■ **Instructions for the task**
Word for word, transcribe every line from the one holding "T-shirt with La" through the end of the records, but not the pictures.

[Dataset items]
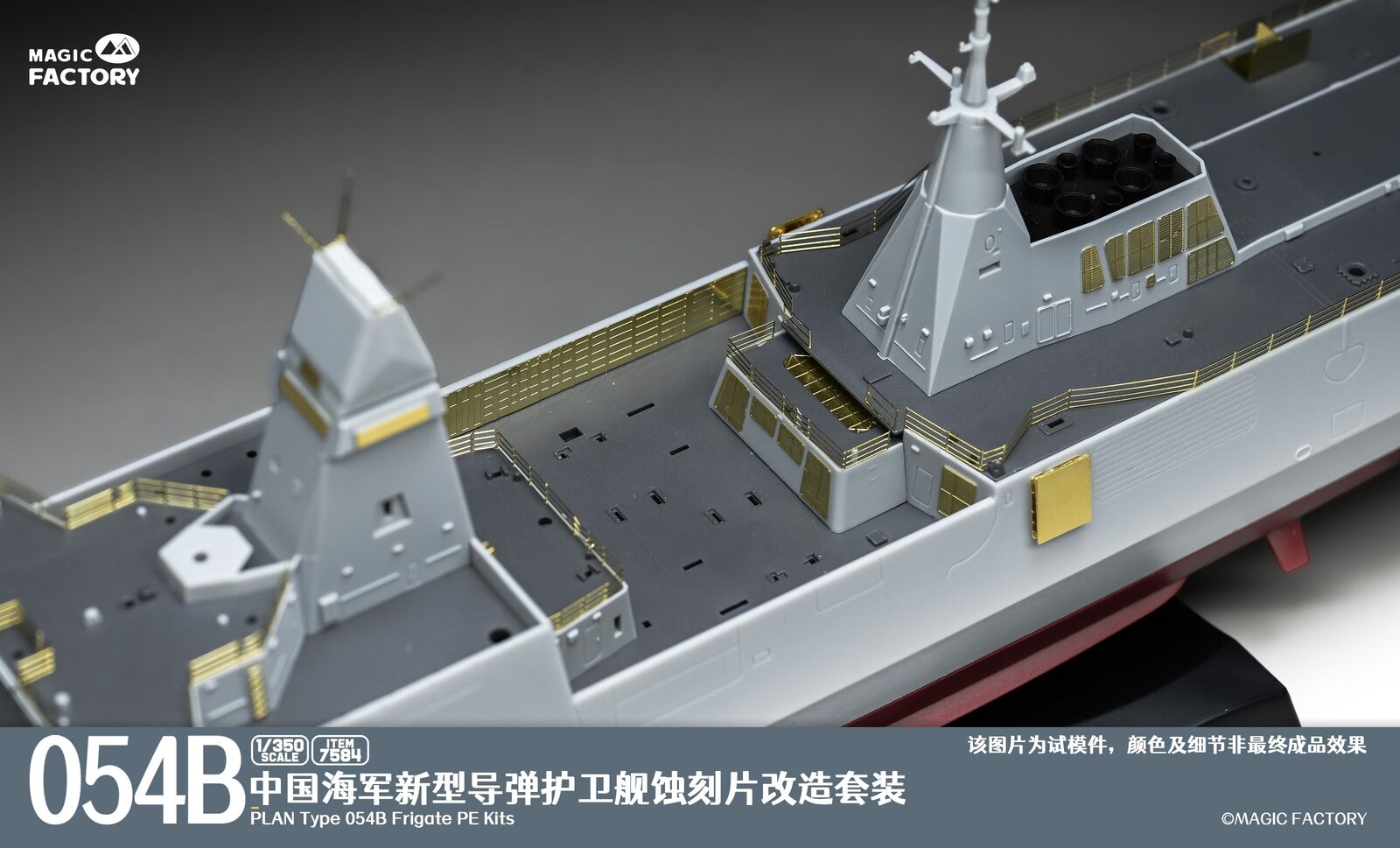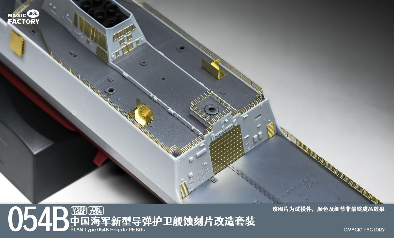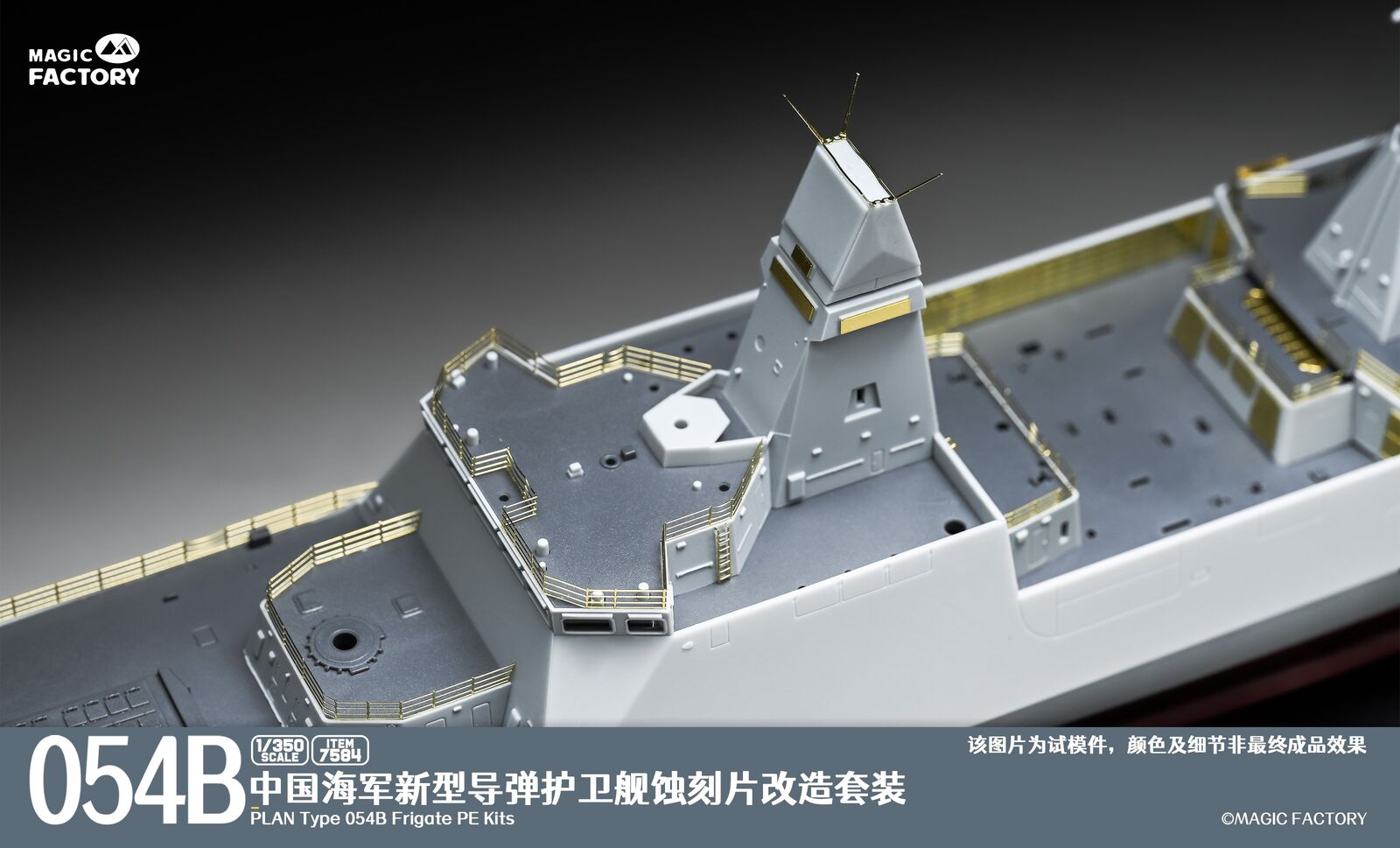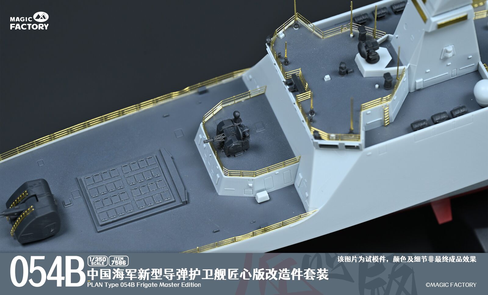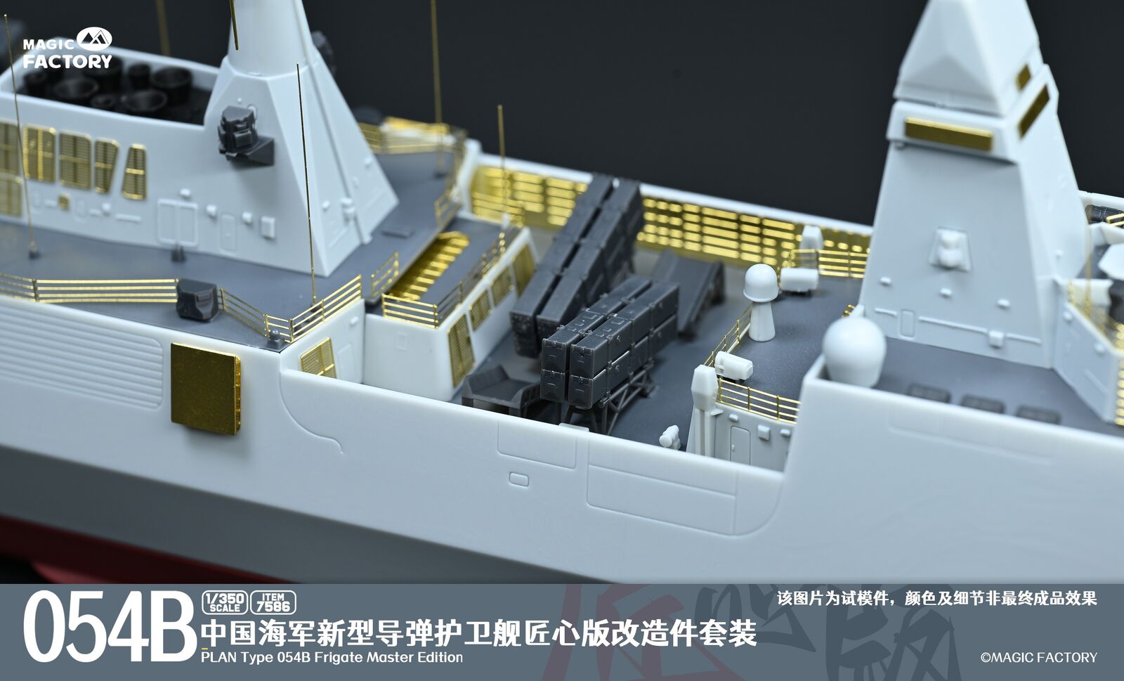 Same as our 1/350 Type 055 Destroyer, our new item also cement-free and pre-colored which is friendly to all kinds of modelers. The core of the design is still excellent assembly experience! Type 054B Frigate is the newest frigate of PLAN and already launched and tested in 2023. It is a development of the Type 054A frigate, and is around 50% larger than its predecessor(Displacement around 6,000 tons). Pennant number 555 name Qinzhou(钦州) and now is still under sea trials.
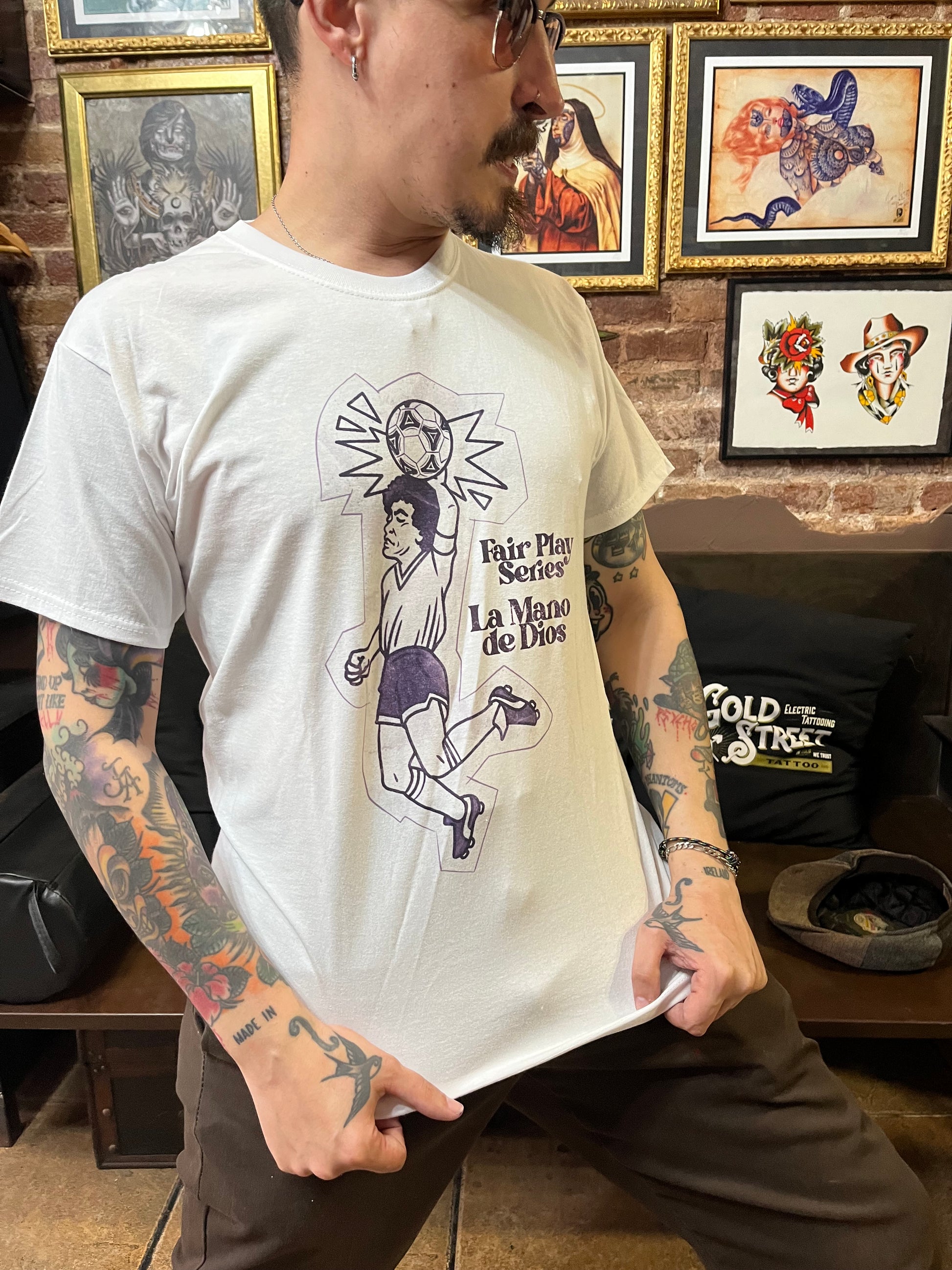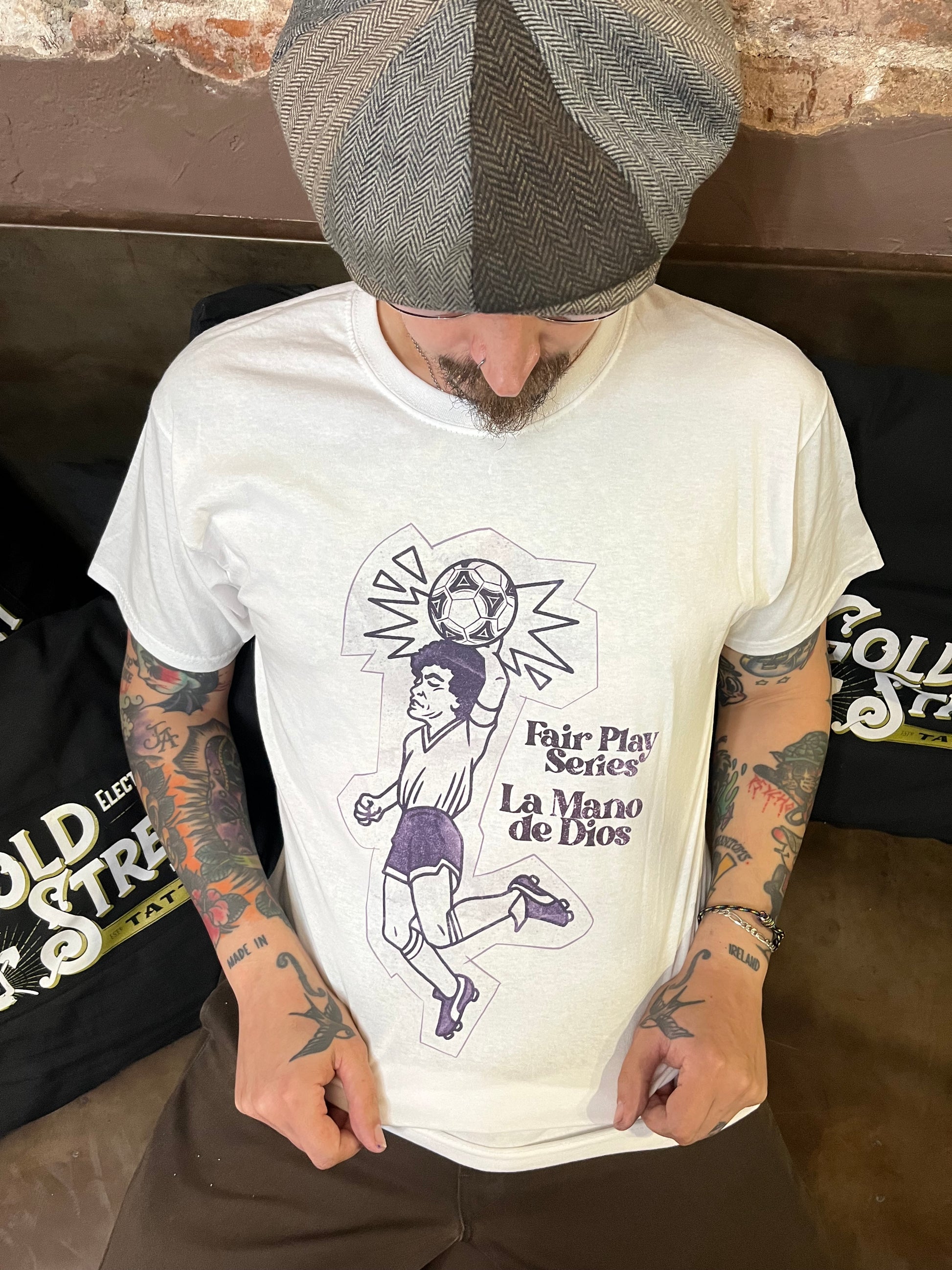 T-shirt with La Mano de Dios, Maradona design on the front.
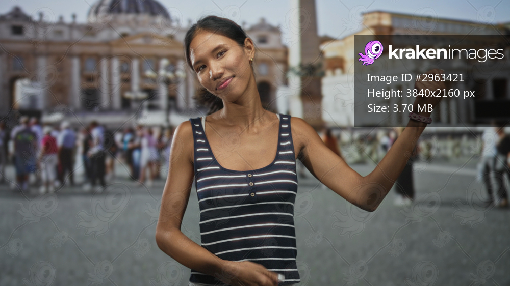 Thai woman wearing a striped tank top points finger with raised right arm and visible hand gesture in front of a historic building and crowded square; vacation travel playful. - Kraken Images
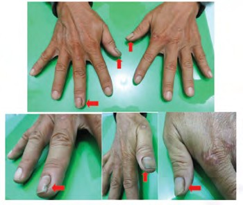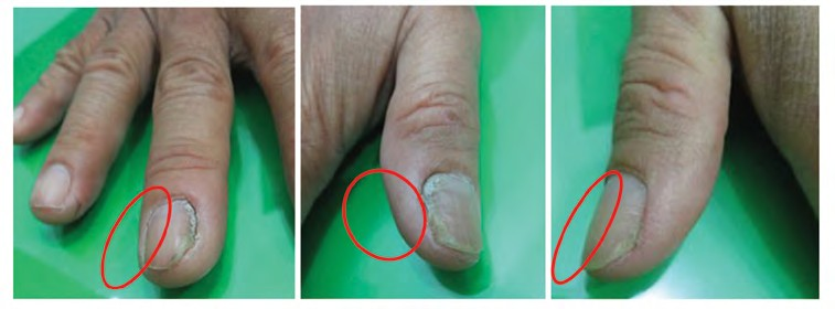 Gambar 1. Pada regio unguium digiti 1,3 dextra et digiti 1 sinistra tampak patch hiperpigmentasi kehijauan multipel disertai onikodistrofi (panah merah).
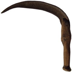 Sigd av bein type (i motsetn. til skjøro/skyru) frå Tustna på Nordmøre. Denne typen sigd vart særleg produsert på Engjan i Valsøyfjord. Foto: Olve Utne

■ **Exercise response**
 T-shirt with La Mano de Dios, Maradona design on the front.
 Thai woman wearing a striped tank top points finger with raised right arm and visible hand gesture in front of a historic building and crowded square; vacation travel playful. - Kraken Images
 Gambar 1. Pada regio unguium digiti 1,3 dextra et digiti 1 sinistra tampak patch hiperpigmentasi kehijauan multipel disertai onikodistrofi (panah merah).
 Sigd av bein type (i motsetn. til skjøro/skyru) frå Tustna på Nordmøre. Denne typen sigd vart særleg produsert på Engjan i Valsøyfjord. Foto: Olve Utne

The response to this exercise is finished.